[Problem statement]
Nothing but the lines from the one that holds "아이릿상대로 역바이럴돌렸다고 ㅈㄹ하더니" through the end of the material should be repeated, each exactly as it stands, and pictures stay out.

[Data provided]
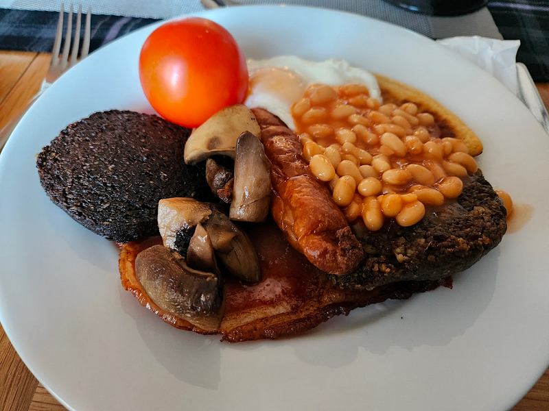On the first day, we were served a Full Scottish Breakfast, which is a fried egg, an edible placemat called a potato scone, black pudding, white sausage, haggis, one or two roast tomatoes, roast mushrooms, bacon, and beans. (Coffee, tea, yogurt, fruit juice, toast, cereal, and fruit were also available.)
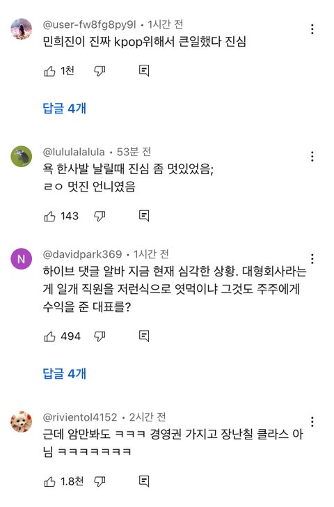 아이릿상대로 역바이럴돌렸다고 ㅈㄹ하더니 뉴진스 정산관련기사부터 언론플레이 ㅈㄴ해대노 뉴진스는 뭐 10대아니고 안어려? 지들이 더 하면서 왜 억울한척하는거임 물론 당연히 민희진 쉴드치는거아님
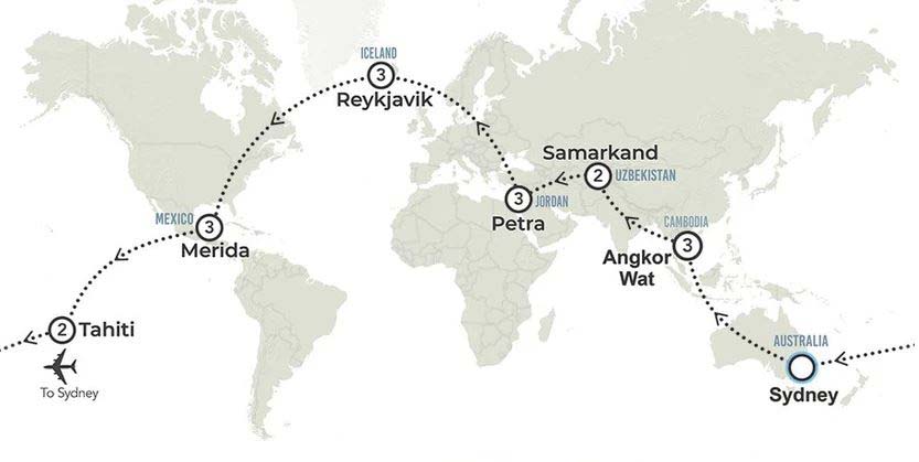 Sydney – Angkor Wat – Samarkand – Petra & Dead Sea – Iceland – Merida & Chichen Itza – Tahiti – Sydney

[Your solution]
 아이릿상대로 역바이럴돌렸다고 ㅈㄹ하더니 뉴진스 정산관련기사부터 언론플레이 ㅈㄴ해대노 뉴진스는 뭐 10대아니고 안어려? 지들이 더 하면서 왜 억울한척하는거임 물론 당연히 민희진 쉴드치는거아님
 Sydney – Angkor Wat – Samarkand – Petra & Dead Sea – Iceland – Merida & Chichen Itza – Tahiti – Sydney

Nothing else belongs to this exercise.